WARNING - the 'fullGenLapack' eigen solver is VERY SLOW. Consider using the default eigen solver.

Let’s verify it!

Structure Frequency

print("structure frequency 1:", f1)
print("structure frequency 2:", f2)
print("structure frequency 3:", f3)

structure frequency 1: [7.05364256 8.28928679]
structure frequency 2: [7.05364256 8.28928679]
structure frequency 3: [7.05364256 8.28928679]

The structural frequencies are consistent, it really has nothing to do with the unit system!

Node 4 Displacement

print("Dispalcement at node4:")

# print("Dispalcement at node4 case 1:", u1, length_unit1)
# print("Dispalcement at node4 case 2:", u2, length_unit2)
# print("Dispalcement at node4 case 3:", u3, length_unit3)

print(f"{length_unit2}/{length_unit1}")
print(u2 / u1)
print(f"{length_unit1}/{length_unit3}")
print(u1 / u3)

Dispalcement at node4:
cm/m
[[100. 100.]
 [100. 100.]
 [100. 100.]
 [100. 100.]
 [100. 100.]
 [100. 100.]
 [100. 100.]
 [100. 100.]
 [100. 100.]
 [100. 100.]]
m/ft
[[0.3048 0.3048]
 [0.3048 0.3048]
 [0.3048 0.3048]
 [0.3048 0.3048]
 [0.3048 0.3048]
 [0.3048 0.3048]
 [0.3048 0.3048]
 [0.3048 0.3048]
 [0.3048 0.3048]
 [0.3048 0.3048]]

1 m = 100 cm

1 ft = 0.3048 m

Node 2 Reactions

print("Reaction at node2:")

# print("Reaction at node2 case 1:", forces1, force_unit1)
# print("Reaction at node2 case 2:", forces2, force_unit2)
# print("Reaction at node2 case 3:", forces3, force_unit3)

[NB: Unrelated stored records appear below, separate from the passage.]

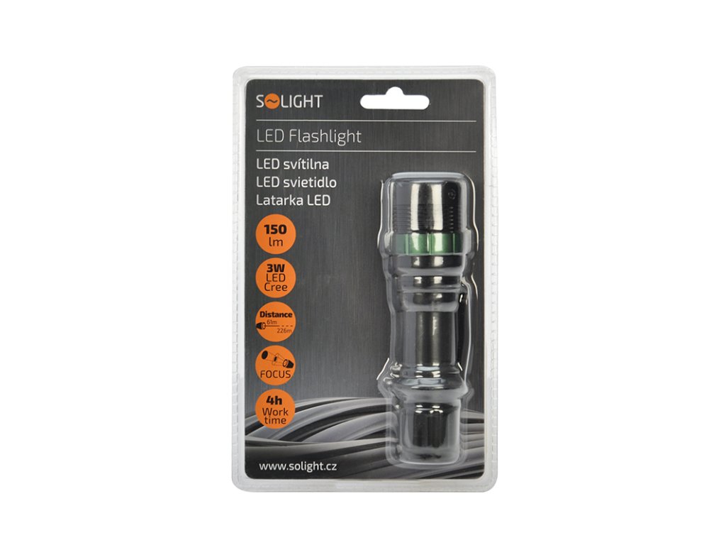 Kvalitná ručná LED baterka s LED CREE XPE ponúka svetelný výkon 150 lm a nastavenie kužeľa (zoom). Dosvit až 226 m umožňuje použitie na turistiku, nočné aktivity alebo profesionálne použitie. Ponúka tri režimy: plný výkon, polovičný výkon a blikanie.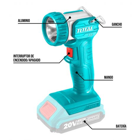 Total Lampara De Trabajo 20v Industrial Twli2038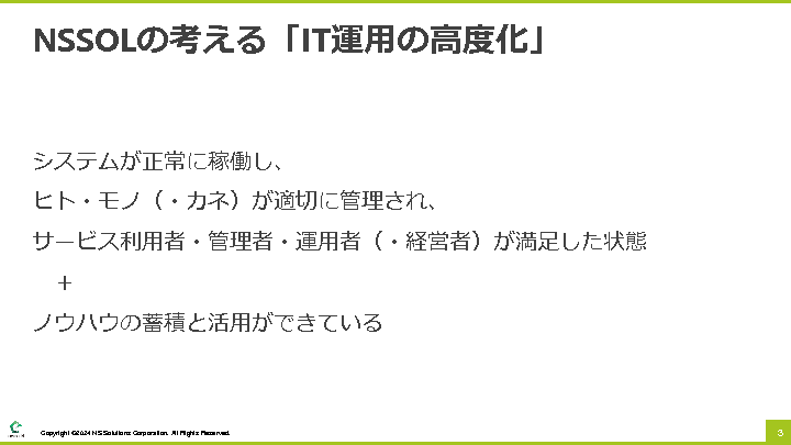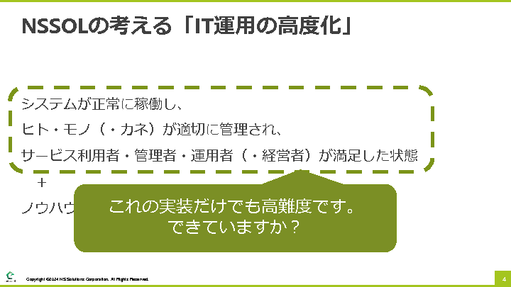 そこで、本ウェビナーの前半では、日鉄ソリューションズ株式会社より、IT運用を高度化していくための効果的な考え方を解説します。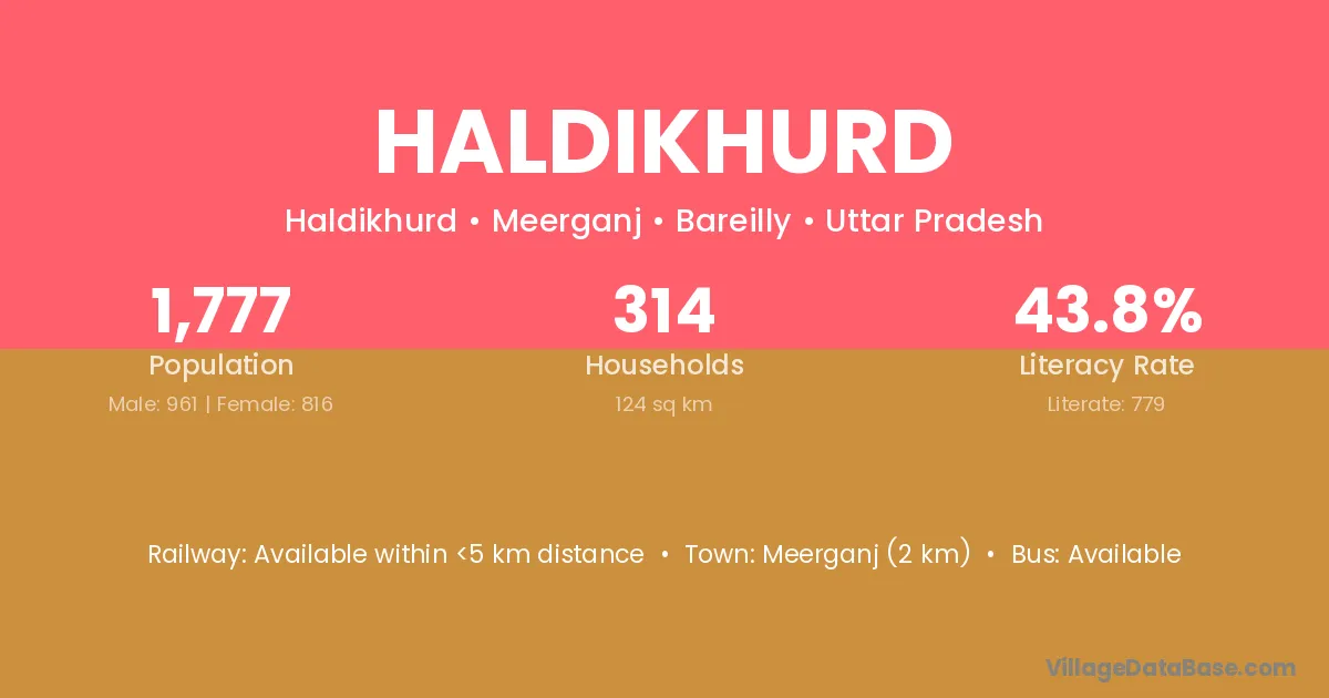 Meerganj (2 km) is the nearest town to Haldikhurd village for major economic activities and is located approximately 2 km away.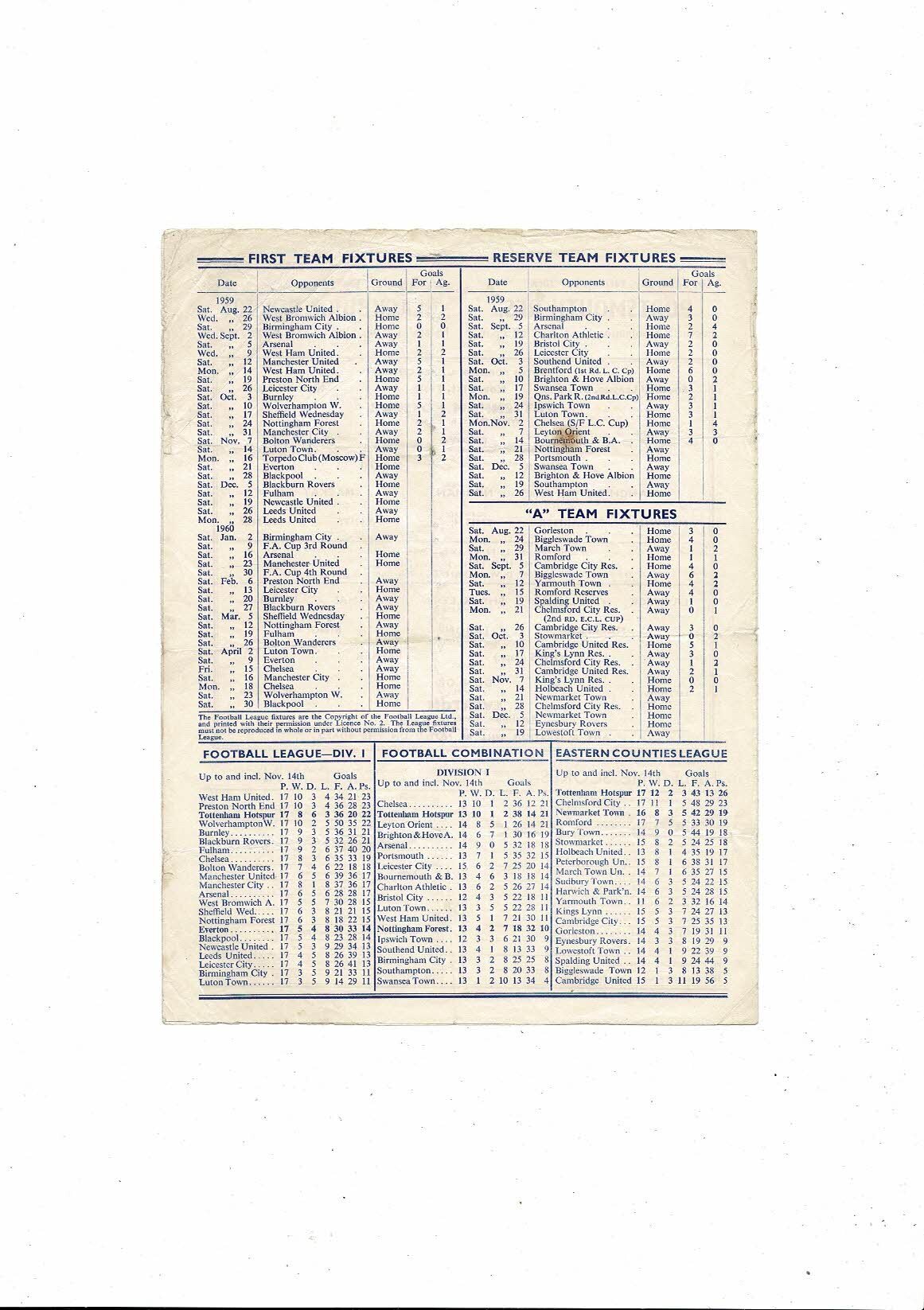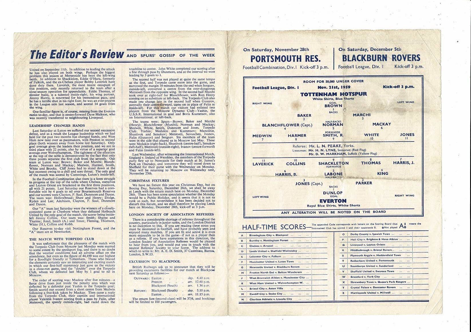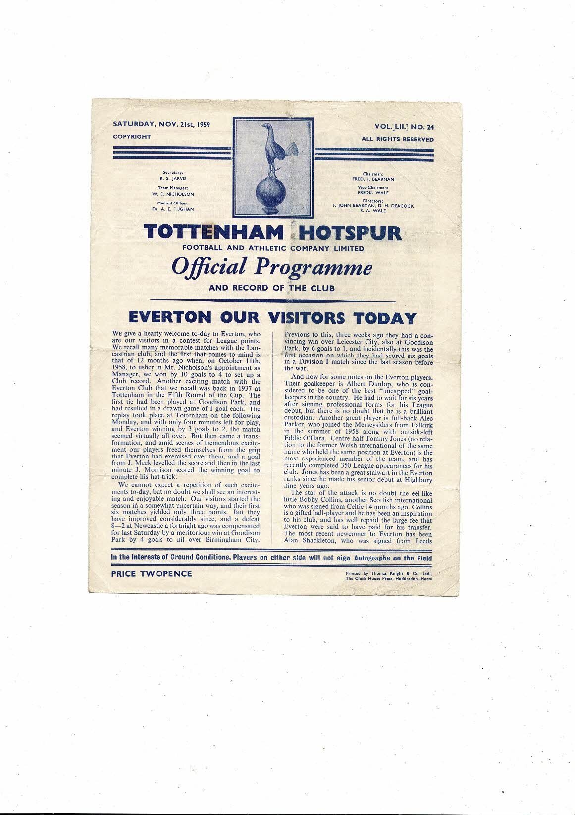 1959/60 Tottenham Hotspur v Everton Football Programme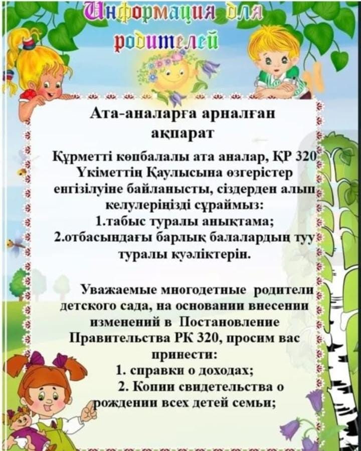 Құрметті көпбалалы ата-аналар, ҚР 320 Үкіметтің Қаулысына өзгерістер еңгізілуіне байланысты, Сіздерден келесі құжаттарды алып келулеріңізді сұраймыз: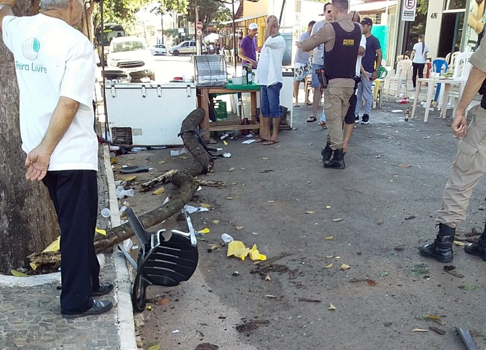 Segundo a Polícia Militar, vítima estava em uma mesa na feira de artesanato e alimentação. Defesa Civil informou que a árvore é da espécie gameleira e não apresentava sinais de risco de queda.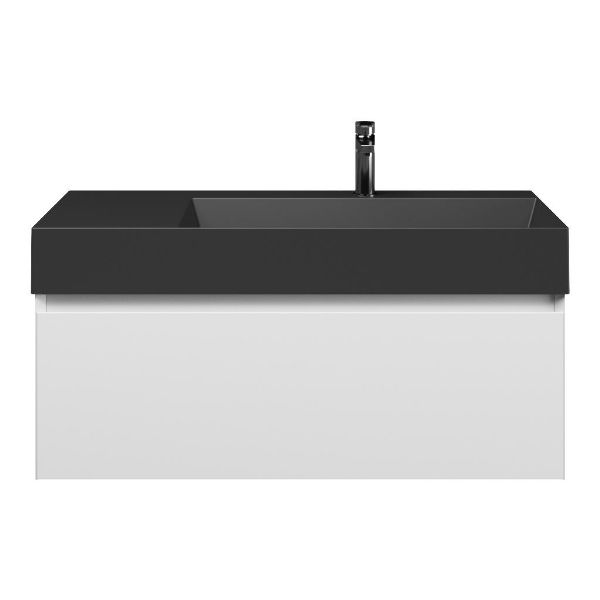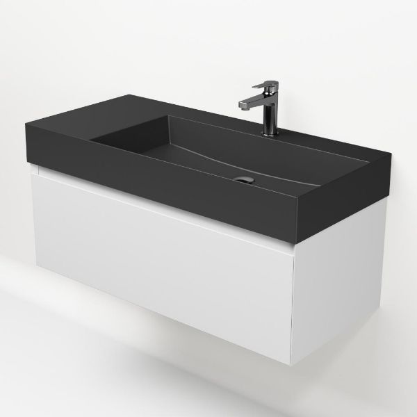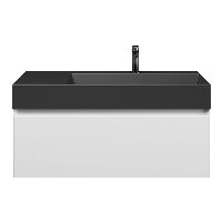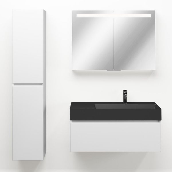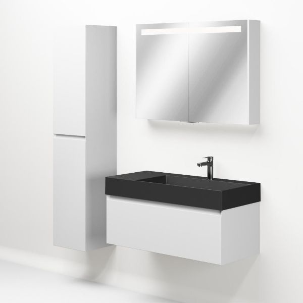 Greeploos badkamermeubel in de kleur wit mat is 100 cm breed. De wastafel is vervaardig in keramiek en heeft de kleur antraciet mat keramiek. Dit badkamermeubel met deze wastafel is leverbaar tussen de 60 cm t/m 160 cm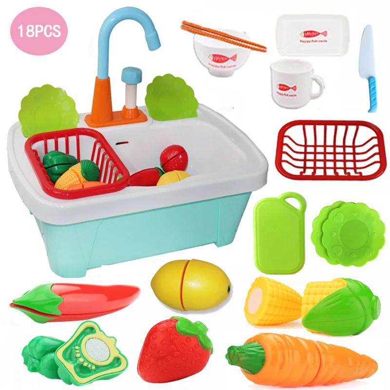 Children Kitchen Toy Small Pool Play House Slicer Automatic Cycle Sink Toy Washing Basin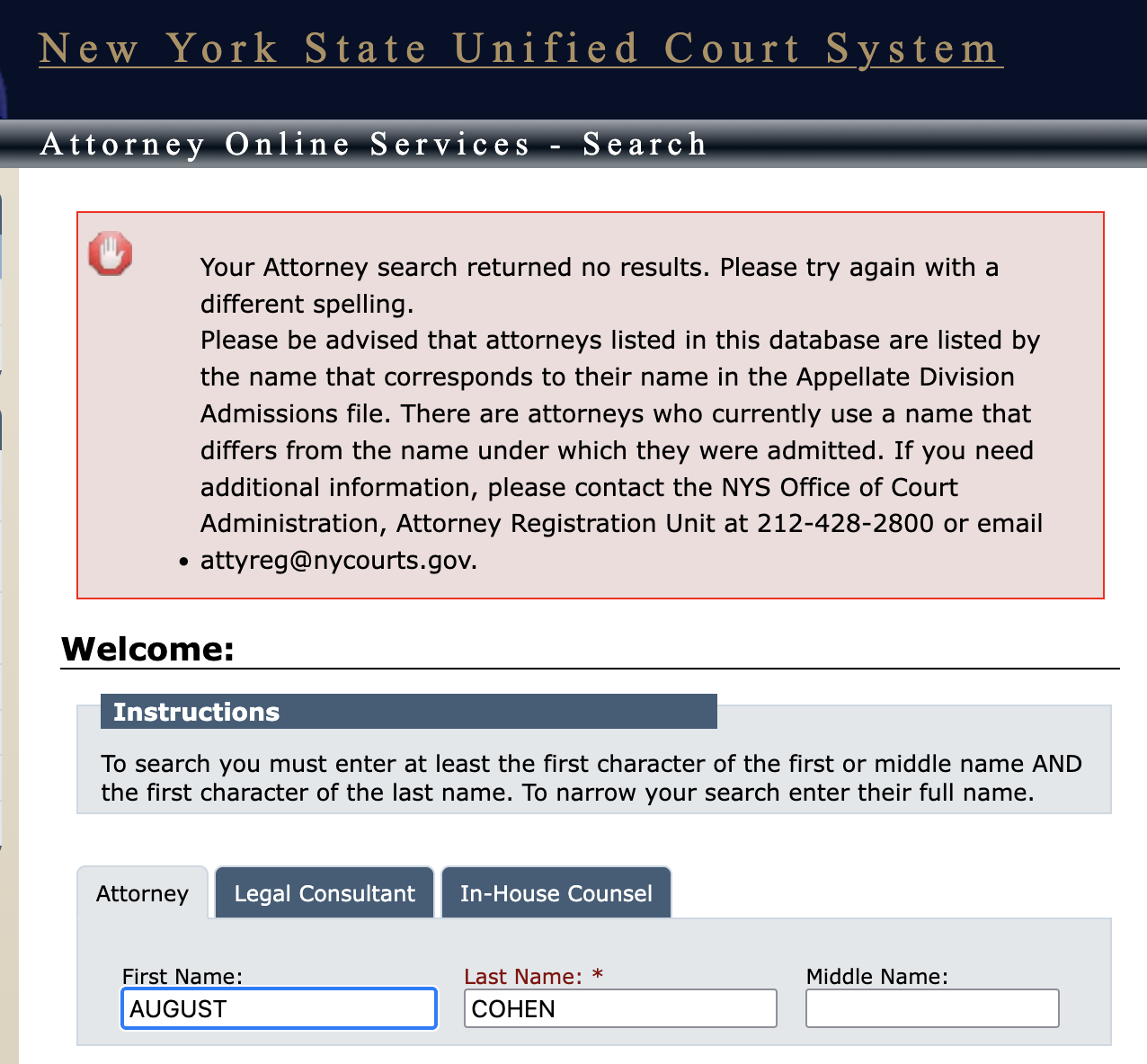 To be fair 'August' could be a nickname (I also tried Augustus Cohen which had no result) and there is about a bajillion Cohen's registered as attorney's in NY (as you would expect) with other first namesEither he's lying about being a bar compliant lawyer in NY or he's lying about his name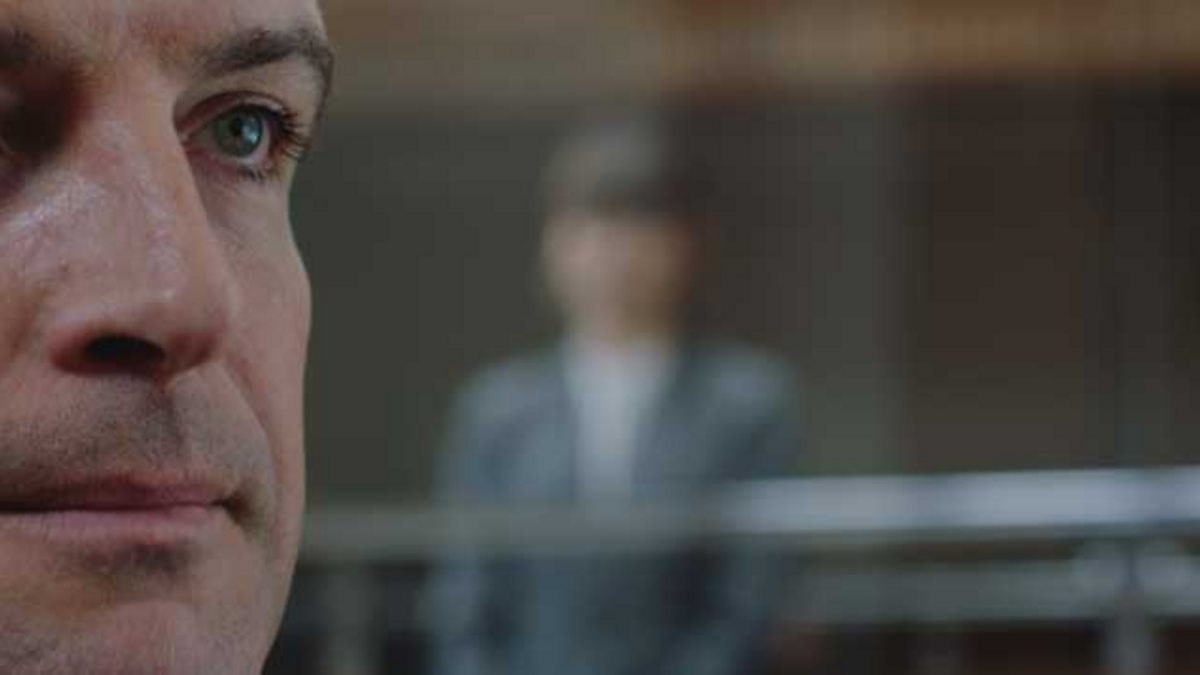 Evan (Bradley Freegard) defends Erin Glynn (Lowri Palfrey) in a murder trial. The victim's widow (Angeline Ball) watches with interest.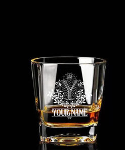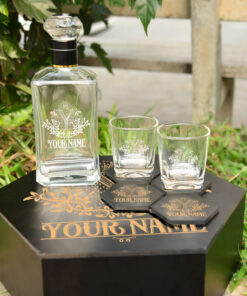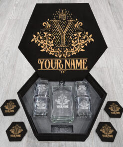 CUSTOM NAME – WHISKEY SET (Wooden box + Decanter + 4 Glasses + 4 Coasters) W1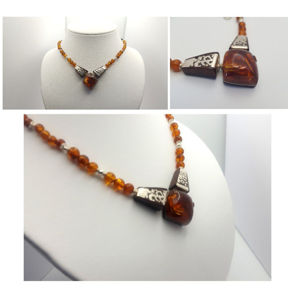 collier ambre est un collier de trois éléments . Elément central bloc d’ambre sur fond d’ébène . Deux éléments latéraux argent gravé et patiné ( eau-forte ) . Chaine perles d’ambre 6 mm , onyx dépoli . Perles et fermoir « mousqueton  » argent sont les finitions de collier ambre .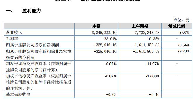 報(bào)告期內(nèi),公司實(shí)現(xiàn)營(yíng)業(yè)收入 8,345,333.10 元,虧損-328,046.16 元。公司目前盈利能力較弱,抗風(fēng)險(xiǎn)能力較差,若未來不能及時(shí)改善盈利能力,可能對(duì)公司經(jīng)營(yíng)發(fā)展產(chǎn)生不利影響。

print(f"{force_unit2}/{force_unit1}")
print(forces2 / forces1)
print(f"{force_unit3}/{force_unit1}")
print(forces3 / forces1)

Reaction at node2:
N/kN
[[1000. 1000.]
 [1000. 1000.]
 [1000. 1000.]
 [1000. 1000.]
 [1000. 1000.]
 [1000. 1000.]
 [1000. 1000.]
 [1000. 1000.]
 [1000. 1000.]
 [1000. 1000.]]
lbf/kN
[[224.80894244 224.80894244]
 [224.80894244 224.80894244]
 [224.80894244 224.80894244]
 [224.80894244 224.80894244]
 [224.80894244 224.80894244]
 [224.80894244 224.80894244]
 [224.80894244 224.80894244]
 [224.80894244 224.80894244]
 [224.80894244 224.80894244]
 [224.80894244 224.80894244]]

The displacement and force values depend on the base unit system you set up, but they are proportional to each other. Well, the rest is left to you to verify.

Remember that you are free to change the base unit system without rewriting the model code.